Exercise goal
Reproduce the listing in full. Omit the pictures.

Dataset extract
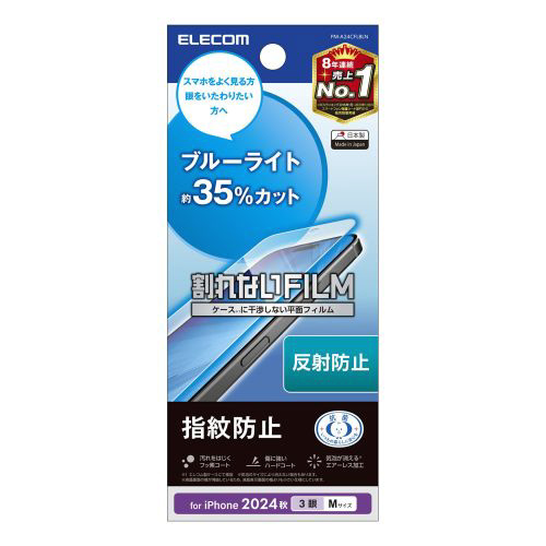 iPhone 16 Pro(6.3インチ) フィルム アンチグレア ブルーライトカット 抗菌 ハードコート 指紋防止 反射防止 マット 気泡防止 PMA24CFLBLN
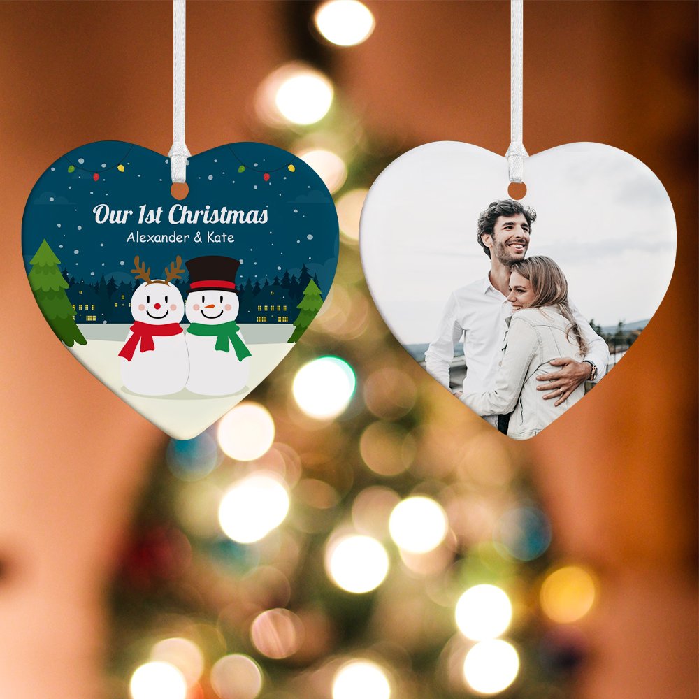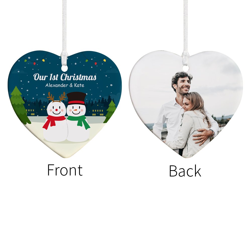 You can customize a snowman couple with a cute Santa Hat, Top Hat, Elk, and Ear Muff style to choose from and a red or green scarf, adding content such as a wedding anniversary and names to show your love, and finally uploading a photo of yourself. Because such a unique and exclusive ornament is created, your love will bloom fully in the winter.
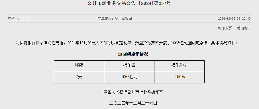 中国网财经12月26日讯今日,人民银行网站显示,为保持银行体系流动性充裕,2024年12月26日人民银行以固定利率、数量招标方式开展了1063亿元逆回购操作,操作利率为1.50%。

Answer section
 iPhone 16 Pro(6.3インチ) フィルム アンチグレア ブルーライトカット 抗菌 ハードコート 指紋防止 反射防止 マット 気泡防止 PMA24CFLBLN
 You can customize a snowman couple with a cute Santa Hat, Top Hat, Elk, and Ear Muff style to choose from and a red or green scarf, adding content such as a wedding anniversary and names to show your love, and finally uploading a photo of yourself. Because such a unique and exclusive ornament is created, your love will bloom fully in the winter.
 中国网财经12月26日讯今日,人民银行网站显示,为保持银行体系流动性充裕,2024年12月26日人民银行以固定利率、数量招标方式开展了1063亿元逆回购操作,操作利率为1.50%。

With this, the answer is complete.